Petersburg (Russian: Петербург, Peterburg) is a novel by Russian writer Andrei Bely. A Symbolist work, it arguably foreshadows James Joyce'sModernist ambitions. First published in 1913, the novel received little attention and was not translated into English until 1959 by John Cournos, over 45 years after it was written.

Today the book is generally considered Bely's masterpiece; Vladimir Nabokov ranked it one of the four greatest "masterpieces of twentieth century prose", after Ulysses and The Metamorphosis, and before In Search of Lost Time.

The novel is based in Saint Petersburg in the run up to the Revolution of 1905 and follows a young revolutionary, Nikolai Apollonovich Ableukhov, who has been ordered to assassinate his own father, Apollon Apollonovich Ableukhov, a high Tsarist official, by planting a time bomb in his study.
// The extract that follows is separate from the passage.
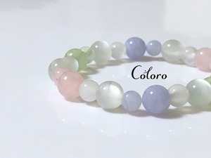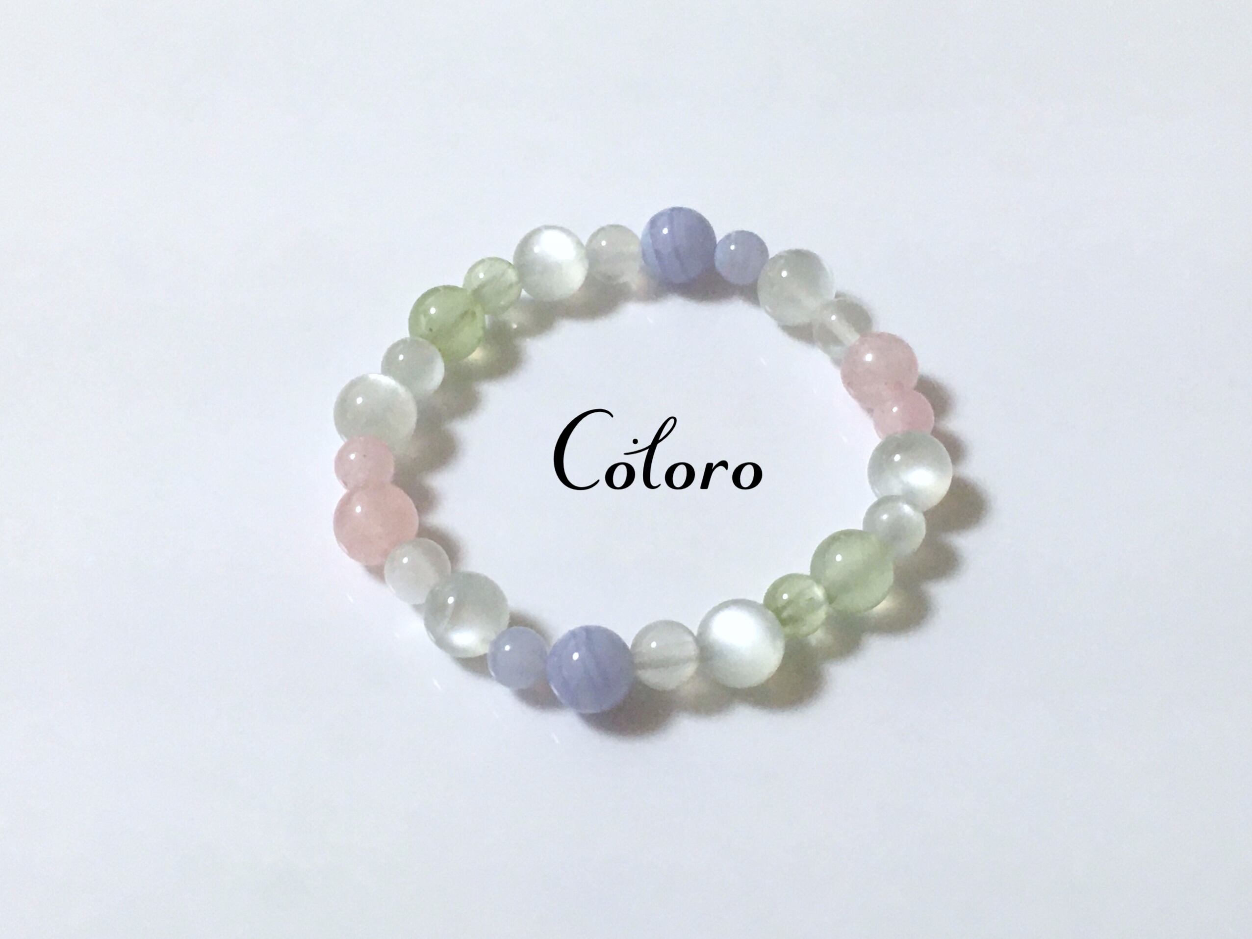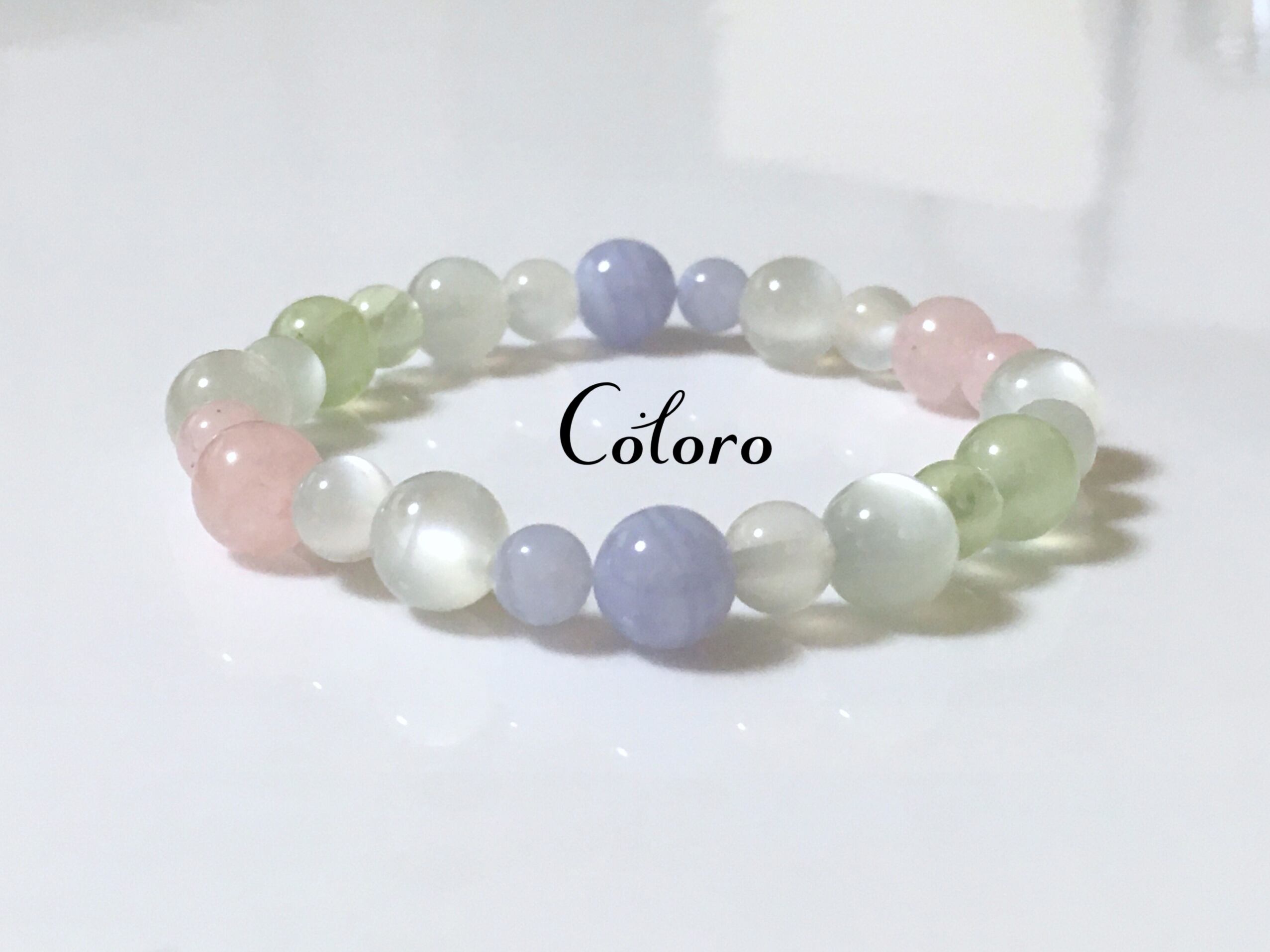 【送料無料】☆ホワイトムーンストーン・ブルーレースアゲート・ローズクォーツ・プレナイト☆誕生石☆天然石☆ハンドメイド☆ブレスレット☆パステルカラー☆ペールカラー☆ペールトーン☆春☆桜☆

Bely drew his characters from historical models: Apollon Apollonovich shares many characteristics with Procurator of the Holy Synod Konstantin Pobedonostsev, and Dudkin resembles the revolutionary terrorist Boris Savinkov.

There are many similarities with Joyce's Ulysses: the linguistic rhythms and wordplay, the Symbolist and subtle political concerns which structure the themes of the novel, the setting of the action in a capital city that is itself a character, the use of humor. The differences are also notable: the English translation of Bely remains more accessible, his work is based on complex rhythm of patterns, and, according to scholarly opinion, does not use such a wide variety of innovations. But these innovations, which subvert commonplace literary rhetoric, are necessary to conveying Petersburg at such a tumultuous time.